Dr, Gary, Davis, Clueless, Christianity, NEEDinc, failure, fail, grade Failure. “It’s taken me most of my life, but I think I have perfected FAILURE to an art form.” A great quote, isn’t it? Many of us try to hide our failures, believing that they will reveal that we are losers, incapable of finishing anything, of accomplishing anything of significance. Others have a deeply rooted fear of failure and so work themselves to death to be successful. Probably another group of us are content with being failures. It’s just too much effort to try anymore.

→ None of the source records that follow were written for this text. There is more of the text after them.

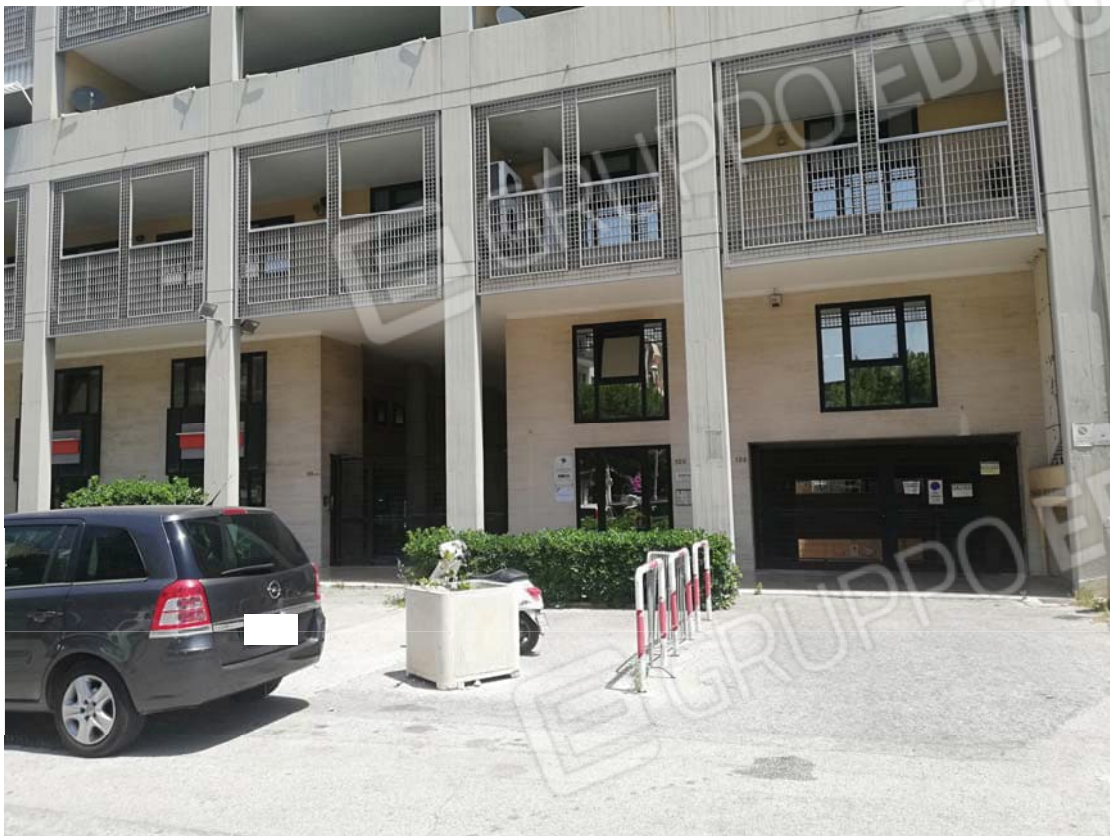
Prospetto dello stabile
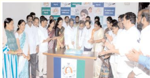
కేక్ కట్ చేస్తున్న దృశ్యం
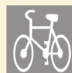
Rower (droga dla rowerów)
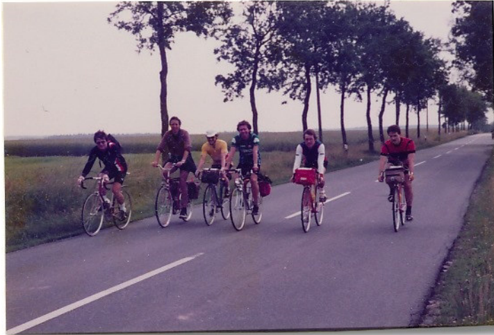
Fahrt Richtung Nordheide
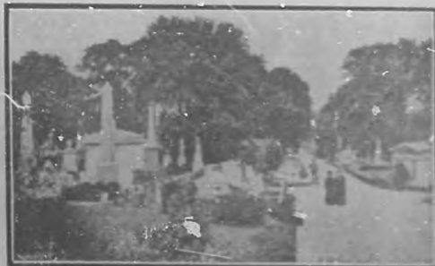
Cementerio de Kensal Green, en Londres.
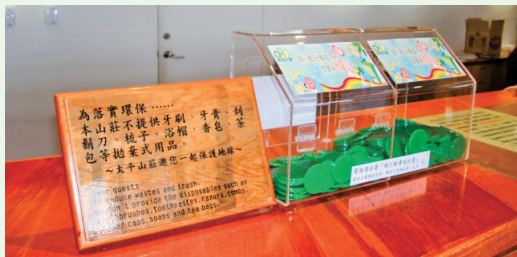
投綠幣表示認同節能減碳政策。(攝影／羅東林區管理處 吳思儀)

保署於101年12月25日「101年度綠行行動傳唱計畫暨環保餐館成果發表會」中，針對全台投綠幣數量超過6,000枚以上之6家業者進行表揚，太平山莊為績優業者之一。(羅東林區管理處 吳思儀)
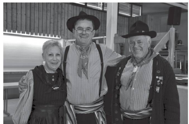
Société des Costumes et Patois de Savièse.
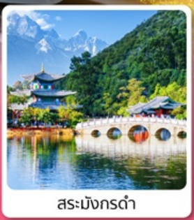
สระม้งกรดำ
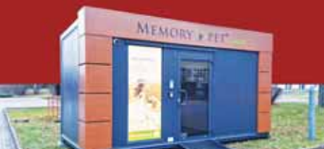
Memory Pet Point je samoobslužné pietní místo, kde se majitelé mohou naposledy se svým mazlíčkem důstojně rozloučit.
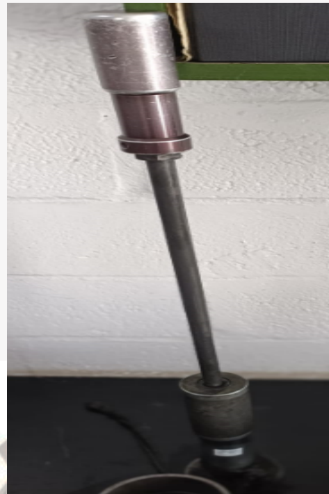
Figura 2: Estado de la estructura Externa

            The choices we make in life will determine whether we are successful, marginally successful, or, well, failures. Then again, it also depends on who is defining success, failure. Being a CEO of a Fortune 500 company with your 5th wife, with kids who don’t want to be around you is not much of a success in my book.

            Speaking of my book, I would like to reveal to my more pertinacious readers some of my failures.

1.      I failed in being a good dad to my kids when they were younger.

2.      I failed in being a good son to my dad.

3.      I failed to build the kinds of teams needed to expand the reach of NEED’s principles of communication-in-community to Christians who still do commando raids for Christ.

4.      I failed in living out the holiness God has already granted me.

5.      I failed in being a consistent, genuine Christian, often falling into being merely a nice one.

6.      I have frequently failed in humility, seeking my own ascent in place of lifting up others.

7.      I failed in resilience, settling for 2nd best, 3rd; or I’ve just given up, giving in to hopelessness.

8.      I failed in losing my temper 8-9 times in my life. Maybe that’s not too bad?

9.      I failed in admitting I was wrong too many times.

10.  I failed in many relationships, disappointing people and letting them down.

There are many more areas in which I’ve failed but I must limit this confession to one page for the sake of my readers. If you want, I can tell you more things I’ve done that are really terrible. Seriously.

If I can admit the things where I have failed, maybe you can to. Some things I’ve been able to correct and received forgiveness; others, not so much. But I do not dwell here: I press on, still failing, making colossal mistakes, and watching God make use of me nonetheless.